2927 → 7292 (base=11)

3780 (2^2, 3^3, 5, 7) → 9660 (2^2, 3, 5, 7, 23)

4002 → 2004 (base=11)

5326 (2, 2663) → 2666 (2, 31, 43)

13772 → 27731 (base=11)

19560 (2^3, 3, 5, 163) → 39480 (2^3, 3, 5, 7, 47)

4[10]7[10]9 → 9[10]7[10]4 (base=11)

72840 (2^3, 3, 5, 607) → 146040 (2^3, 3, 5, 1217)

6929[10] → [10]9296 (base=11)

100176 (2^4, 3, 2087) → 158736 (2^4, 3, 3307)

171623 → 326171 (base=11)

265620 (2^2, 3, 5, 19, 233) → 520620 (2^2, 3, 5, 8677)

263702 → 207362 (base=11)

414790 (2, 5, 41479) → 331850 (2, 5^2, 6637)

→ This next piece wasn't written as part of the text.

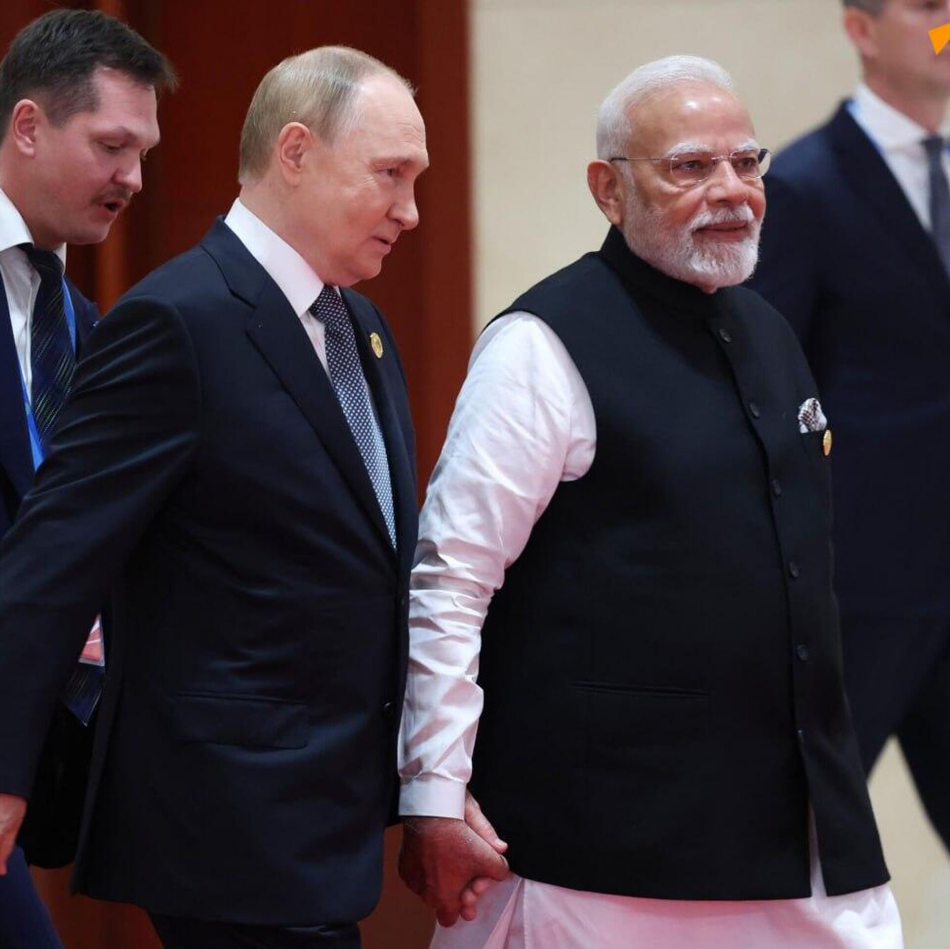 1 - ولادیمیر پوتین، رئیس جمهور روسیه و نارندرا مودی، نخست وزیر هند در تیانجین
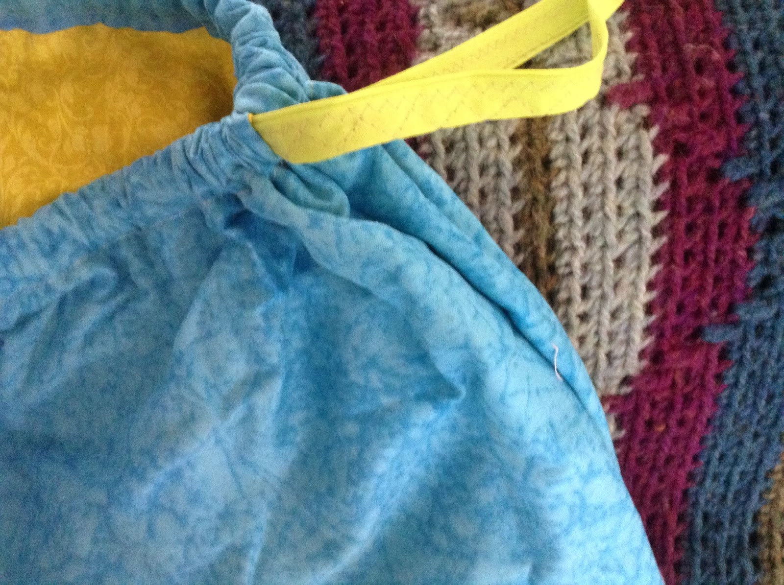 3. Next step was to sew up the sides to the point where the casings were. double-stitching a few times to reinforce that spot but not stitching through the casing.

Note that 42 mirrors its factor-sum in both base-9 and base-11. But s(42) = 24 in infinitely many bases, because when 42 = 2 x prime, s(42) = 1 + 2 + prime. So (prime-1) / 2 will give the base in which 24 = s(42). For example, 2 x 11 = 22 and 22 = 42 in base (11-1) / 2 or base-5. So s(42) = 1 + 2 + 11 = 14 = 2 x 5 + 4 = 24[b=5]. There are infinitely many primes, so infinitely many bases in which s(42) = 24.

Base-10 does better for mirror-sums when s(*n*) is re-defined to include *n* itself. So s(69) = 1 + 3 + 23 + 69 = 96. Here are the first examples of all-factor mirror-sums in base-10:

69 (3, 23) → 96 (2^5, 3)

276 (2^2, 3, 23) → 672 (2^5, 3, 7)

639 (3^2, 71) → 936 (2^3, 3^2, 13)

2556 (2^2, 3^2, 71) → 6552 (2^3, 3^2, 7, 13)

In the same range, base-9 now produces one mirror-sum, 13 → 31 = 12 (2^2, 3) → 28 (2^2, 7). Base-11 produces no mirror-sums in the same range. Base behaviour is eccentric, but that’s what makes it interesting.